WHAT YOU WILL DO »
Your copy of the entries below should hold exactly the lines from the one containing "大明成化《粉白色釉暗刻龙凤纹" to the one containing "CROPPED FAUX LEATHER", inclusive, and no pictures.

====

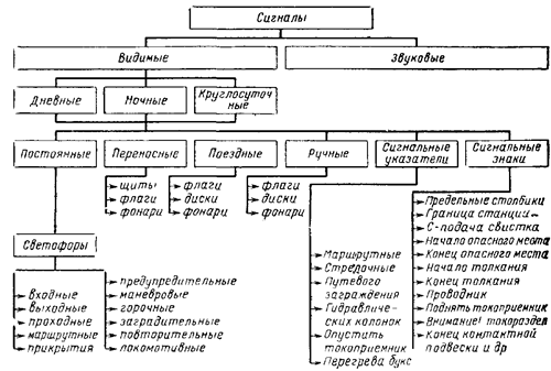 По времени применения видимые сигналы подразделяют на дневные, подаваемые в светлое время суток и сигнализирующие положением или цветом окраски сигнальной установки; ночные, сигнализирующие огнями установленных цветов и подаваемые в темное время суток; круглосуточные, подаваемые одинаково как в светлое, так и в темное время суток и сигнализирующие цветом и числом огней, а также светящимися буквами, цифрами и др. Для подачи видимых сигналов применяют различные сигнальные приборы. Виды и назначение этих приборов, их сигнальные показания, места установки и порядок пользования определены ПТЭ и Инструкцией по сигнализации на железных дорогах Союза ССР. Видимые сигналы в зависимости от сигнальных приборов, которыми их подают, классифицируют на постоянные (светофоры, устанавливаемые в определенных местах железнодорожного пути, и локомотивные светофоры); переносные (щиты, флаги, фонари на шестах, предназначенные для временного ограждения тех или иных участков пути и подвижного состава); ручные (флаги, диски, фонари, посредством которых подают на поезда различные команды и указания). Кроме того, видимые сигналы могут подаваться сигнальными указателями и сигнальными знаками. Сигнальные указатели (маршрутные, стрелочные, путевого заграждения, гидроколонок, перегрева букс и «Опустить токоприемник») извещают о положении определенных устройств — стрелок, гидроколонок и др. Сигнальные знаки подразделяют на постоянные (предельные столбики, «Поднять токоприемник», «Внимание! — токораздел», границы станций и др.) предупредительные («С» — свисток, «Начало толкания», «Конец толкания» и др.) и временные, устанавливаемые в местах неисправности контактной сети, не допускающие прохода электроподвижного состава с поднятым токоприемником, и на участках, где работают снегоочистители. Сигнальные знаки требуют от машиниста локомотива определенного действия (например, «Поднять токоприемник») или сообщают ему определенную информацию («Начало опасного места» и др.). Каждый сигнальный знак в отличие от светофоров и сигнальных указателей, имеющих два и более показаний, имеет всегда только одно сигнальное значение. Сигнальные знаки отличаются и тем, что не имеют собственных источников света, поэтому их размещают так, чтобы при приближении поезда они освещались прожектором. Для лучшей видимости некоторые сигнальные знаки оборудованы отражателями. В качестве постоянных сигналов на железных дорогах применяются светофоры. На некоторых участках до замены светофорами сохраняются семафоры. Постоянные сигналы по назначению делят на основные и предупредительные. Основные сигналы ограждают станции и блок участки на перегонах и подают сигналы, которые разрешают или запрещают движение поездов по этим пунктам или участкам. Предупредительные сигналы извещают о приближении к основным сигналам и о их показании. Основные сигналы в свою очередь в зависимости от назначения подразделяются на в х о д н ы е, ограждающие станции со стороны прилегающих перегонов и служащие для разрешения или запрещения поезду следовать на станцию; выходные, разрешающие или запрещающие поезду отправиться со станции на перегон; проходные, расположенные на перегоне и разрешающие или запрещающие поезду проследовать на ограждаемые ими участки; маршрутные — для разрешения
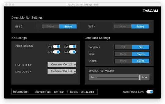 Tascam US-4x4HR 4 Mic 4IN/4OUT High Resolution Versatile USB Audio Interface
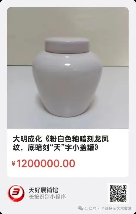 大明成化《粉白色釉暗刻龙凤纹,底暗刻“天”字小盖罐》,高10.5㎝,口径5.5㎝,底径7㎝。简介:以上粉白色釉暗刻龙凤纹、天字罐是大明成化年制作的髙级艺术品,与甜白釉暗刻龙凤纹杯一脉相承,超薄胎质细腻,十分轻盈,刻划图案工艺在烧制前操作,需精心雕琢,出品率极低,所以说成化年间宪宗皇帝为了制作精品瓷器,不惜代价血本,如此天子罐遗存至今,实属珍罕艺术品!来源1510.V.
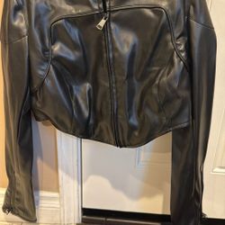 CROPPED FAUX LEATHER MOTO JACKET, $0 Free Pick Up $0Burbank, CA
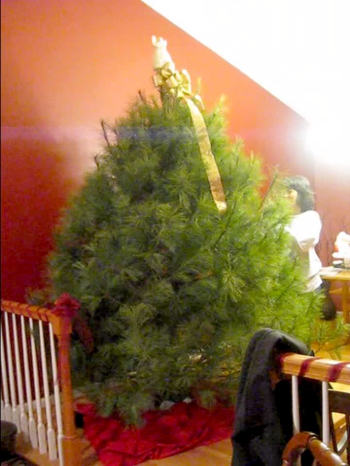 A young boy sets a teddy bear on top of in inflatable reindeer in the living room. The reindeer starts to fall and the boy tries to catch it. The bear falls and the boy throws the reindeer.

====

ANSWER BOX »
 大明成化《粉白色釉暗刻龙凤纹,底暗刻“天”字小盖罐》,高10.5㎝,口径5.5㎝,底径7㎝。简介:以上粉白色釉暗刻龙凤纹、天字罐是大明成化年制作的髙级艺术品,与甜白釉暗刻龙凤纹杯一脉相承,超薄胎质细腻,十分轻盈,刻划图案工艺在烧制前操作,需精心雕琢,出品率极低,所以说成化年间宪宗皇帝为了制作精品瓷器,不惜代价血本,如此天子罐遗存至今,实属珍罕艺术品!来源1510.V.
 CROPPED FAUX LEATHER MOTO JACKET, $0 Free Pick Up $0Burbank, CA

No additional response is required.